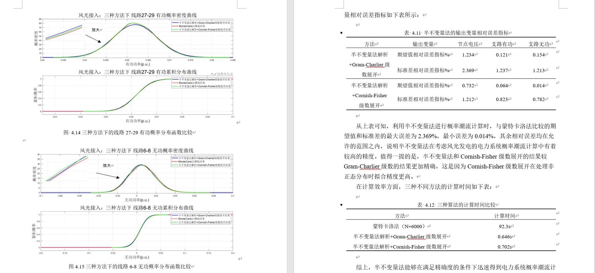 本套代码针对含风光发电的电力系统,考虑负荷波动及风、光出力不确定性,采用蒙特卡洛法与半不变量法(结合Gram-Charlier和Cornish-Fisher级数)实现概率潮流计算。代码基于IEEE 34节点和IEEE 30节点标准测试系统搭建,注释详尽,通过牛顿-拉夫逊法保证潮流计算收敛性,可输出节点电压、支路功率的概率分布及电压越限概率,为电力系统稳定性分析提供数据支撑。
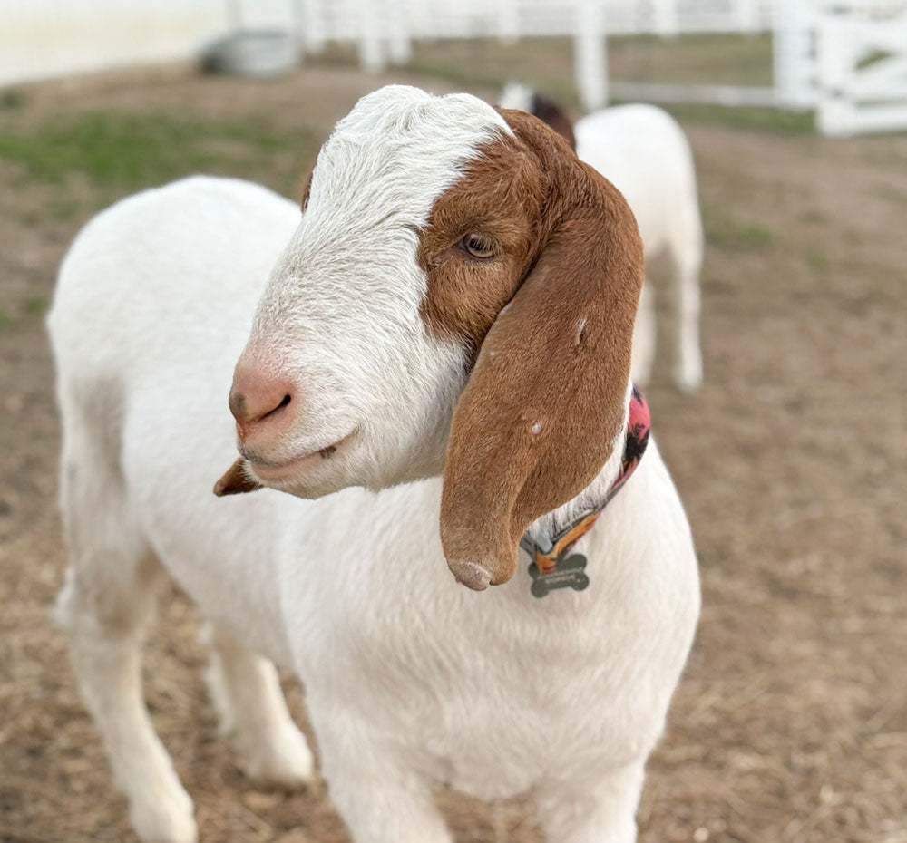 Riggs is one of our five newest goat rescues! These sweet boys were part of a school program, but when the program ended, they faced an uncertain future—sold for slaughter or to a private buyer. Thanks to the compassion of the students and a kind-hearted buyer, they found their way to us for a second chance at life. Full of energy and joy, they’ve already made themselves at home, spending their days playing, exploring, and collapsing into adorable sleepy piles.
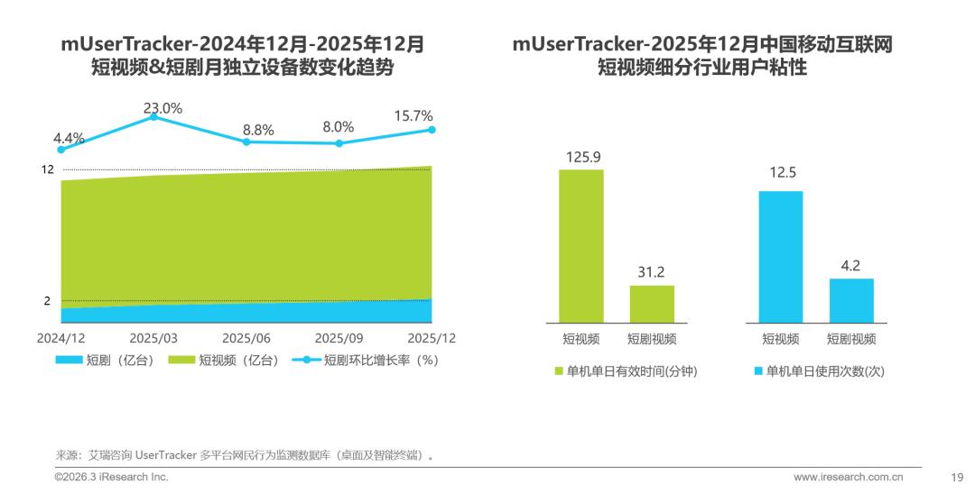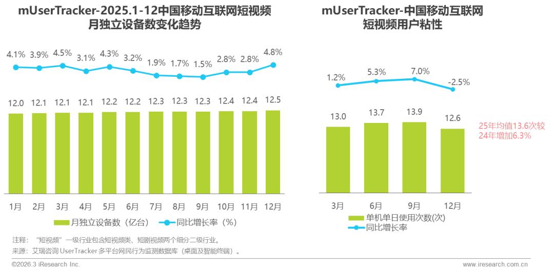 2025年,短视频月独立设备数突破12亿,在规模高位基础上实现平稳增长,短剧视频展现出强劲的增长爆发力,月独立设备数突破2亿台,全年增长约1亿台,成为驱动行业增长的关键增量;同时,短视频与短剧两大细分行业的用户粘性全年均稳居高位,行业持续契合用户核心使用偏好,行业发展势能强劲。
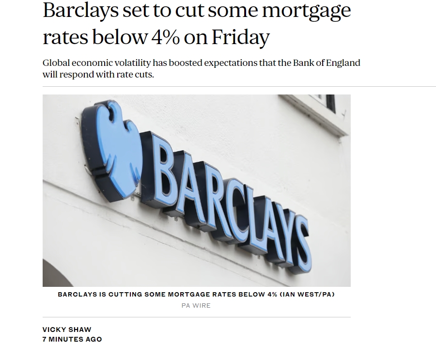 就在今天,巴克莱银行(Barclays)也宣布将部分抵押贷款的利率下调至4%以下。
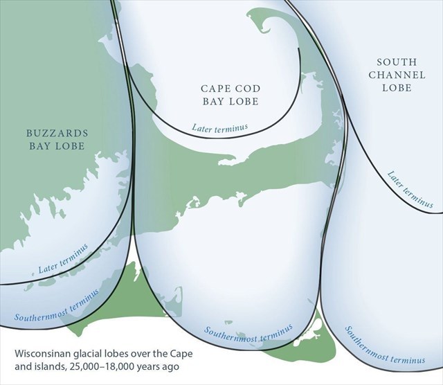 One other topic that is worth mentioning has to do with the shape of the island. Looking on a map of Marthas Vineyard, you may have been curious about the islands unique shape. Approximately 10,000 years ago during the Wisconsinan glaciation, multiple glacial lobes (which are extensions/protrusions of large ice sheet) advanced into the northeastern United States, significantly shaping the landscape. Specifically, the Buzzards Bay Lobe and the Cape Cod Bay Lobe played a crucial role in forming Martha's Vineyard. The Buzzards Bay Lobe, moving southward, deposited large amounts of glacial till, which formed the island's western moraines and outwash plains. Simultaneously, the Cape Cod Bay Lobe advanced from the northeast, contributing additional sediment and shaping the eastern part of the island. The interaction of these two lobes resulted in the distinctive geological features and irregular coastline of Martha's Vineyard, as seen by the image above.
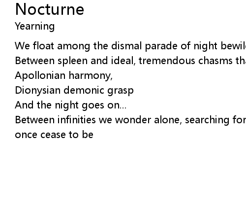 | Between infinities we wonder alone, searching for home until the struggle will once cease to be |
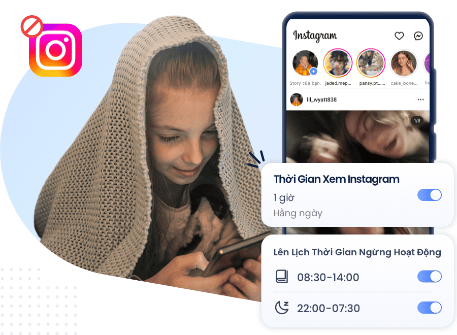 - Dễ dàng chặn Instagram chỉ với một cú nhấp để bảo vệ con khỏi các mối nguy hiểm.
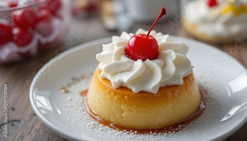 The base is made of golden flan. On top of the flan, spread a liberal layer of fluffy whipped cream with gentle peaks for texture. On top of the whipped cream, add a beautiful red, juicy cherry with
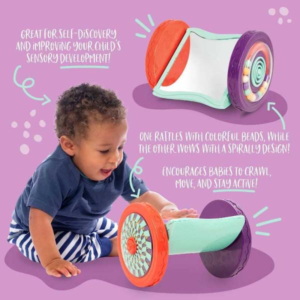 Looky looky, this rolling mirror’s funky! Bursting with colors and rolling with fun features, this baby mirror toy rolls across the floor and always stays upright
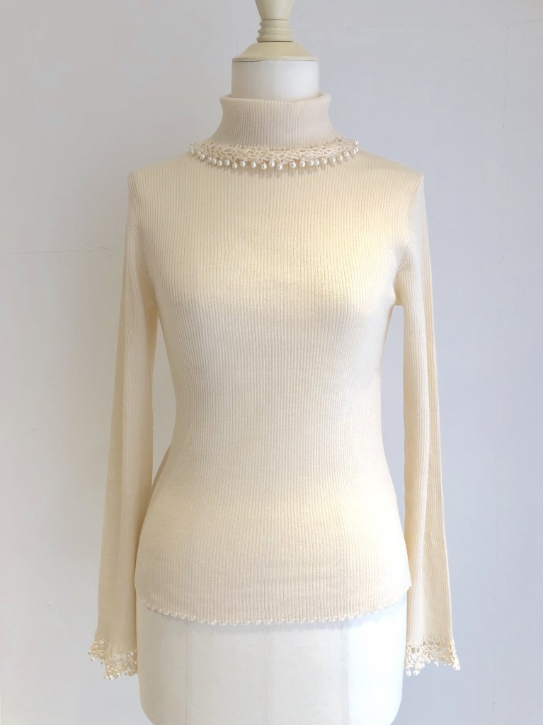 Knit Turtleneck with Pearls
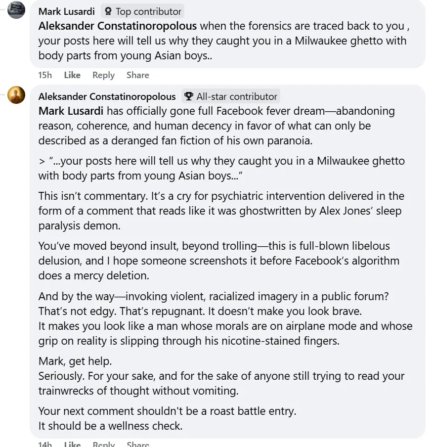 “When the mask slips: Mark Lusardi, a top contributor in the Facebook group Denton Free Speech Matters, accused another member of being found ‘in a Milwaukee ghetto with body parts from young Asian boys.’
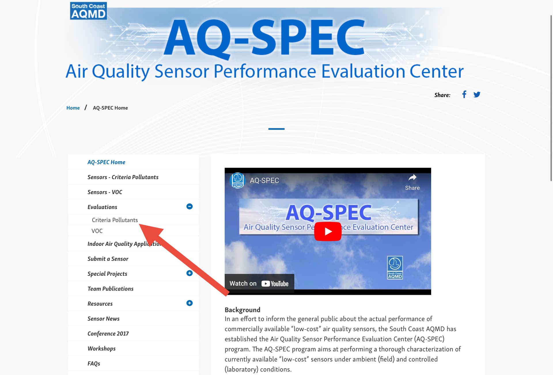 Once there, click on ‘Evaluations’ and then ‘Criteria Pollutants’.
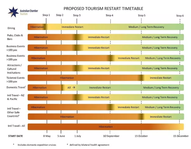 旅游业重启小组(Tourism Restart Taskforce)每周都会跟联邦政府就解封事宜进行商谈,讨论重开旅游业的计划。5月22日,小组与旅游部长Simon Birmingham的会议上,终于获批了国内旅游和活动,以及重开国际旅游的时间。
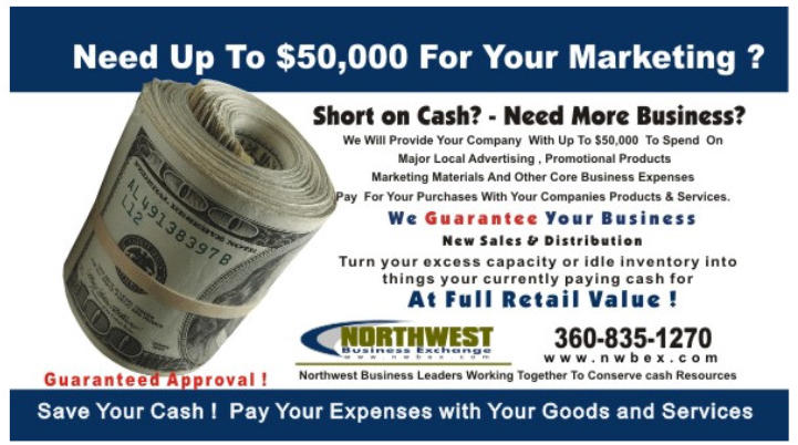 Northwest Business Exchange offers you, the business leader, an innovative and highly effective tool to eliminate the need to pay cash for marketing, advertising, promotion and other core business expenses.Your business purchases the things you need through our vast network of affiliated business members using a credit line supplied byNW Business Exchange.You pay for your purchases over time with new sales, out of excess inventory or spare capacity.By making purchases using your own products and services you create a cost level equal to your incremental cost ofgoods sold, saving you 40% , 50% or more

● Problem
Output the full listing above exactly, excluding all pictures.

● Result
 本套代码针对含风光发电的电力系统,考虑负荷波动及风、光出力不确定性,采用蒙特卡洛法与半不变量法(结合Gram-Charlier和Cornish-Fisher级数)实现概率潮流计算。代码基于IEEE 34节点和IEEE 30节点标准测试系统搭建,注释详尽,通过牛顿-拉夫逊法保证潮流计算收敛性,可输出节点电压、支路功率的概率分布及电压越限概率,为电力系统稳定性分析提供数据支撑。
 Riggs is one of our five newest goat rescues! These sweet boys were part of a school program, but when the program ended, they faced an uncertain future—sold for slaughter or to a private buyer. Thanks to the compassion of the students and a kind-hearted buyer, they found their way to us for a second chance at life. Full of energy and joy, they’ve already made themselves at home, spending their days playing, exploring, and collapsing into adorable sleepy piles.
 2025年,短视频月独立设备数突破12亿,在规模高位基础上实现平稳增长,短剧视频展现出强劲的增长爆发力,月独立设备数突破2亿台,全年增长约1亿台,成为驱动行业增长的关键增量;同时,短视频与短剧两大细分行业的用户粘性全年均稳居高位,行业持续契合用户核心使用偏好,行业发展势能强劲。
 就在今天,巴克莱银行(Barclays)也宣布将部分抵押贷款的利率下调至4%以下。
 One other topic that is worth mentioning has to do with the shape of the island. Looking on a map of Marthas Vineyard, you may have been curious about the islands unique shape. Approximately 10,000 years ago during the Wisconsinan glaciation, multiple glacial lobes (which are extensions/protrusions of large ice sheet) advanced into the northeastern United States, significantly shaping the landscape. Specifically, the Buzzards Bay Lobe and the Cape Cod Bay Lobe played a crucial role in forming Martha's Vineyard. The Buzzards Bay Lobe, moving southward, deposited large amounts of glacial till, which formed the island's western moraines and outwash plains. Simultaneously, the Cape Cod Bay Lobe advanced from the northeast, contributing additional sediment and shaping the eastern part of the island. The interaction of these two lobes resulted in the distinctive geological features and irregular coastline of Martha's Vineyard, as seen by the image above.
 | Between infinities we wonder alone, searching for home until the struggle will once cease to be |
 - Dễ dàng chặn Instagram chỉ với một cú nhấp để bảo vệ con khỏi các mối nguy hiểm.
 The base is made of golden flan. On top of the flan, spread a liberal layer of fluffy whipped cream with gentle peaks for texture. On top of the whipped cream, add a beautiful red, juicy cherry with
 Looky looky, this rolling mirror’s funky! Bursting with colors and rolling with fun features, this baby mirror toy rolls across the floor and always stays upright
 Knit Turtleneck with Pearls
 “When the mask slips: Mark Lusardi, a top contributor in the Facebook group Denton Free Speech Matters, accused another member of being found ‘in a Milwaukee ghetto with body parts from young Asian boys.’
 Once there, click on ‘Evaluations’ and then ‘Criteria Pollutants’.
 旅游业重启小组(Tourism Restart Taskforce)每周都会跟联邦政府就解封事宜进行商谈,讨论重开旅游业的计划。5月22日,小组与旅游部长Simon Birmingham的会议上,终于获批了国内旅游和活动,以及重开国际旅游的时间。
 Northwest Business Exchange offers you, the business leader, an innovative and highly effective tool to eliminate the need to pay cash for marketing, advertising, promotion and other core business expenses.Your business purchases the things you need through our vast network of affiliated business members using a credit line supplied byNW Business Exchange.You pay for your purchases over time with new sales, out of excess inventory or spare capacity.By making purchases using your own products and services you create a cost level equal to your incremental cost ofgoods sold, saving you 40% , 50% or more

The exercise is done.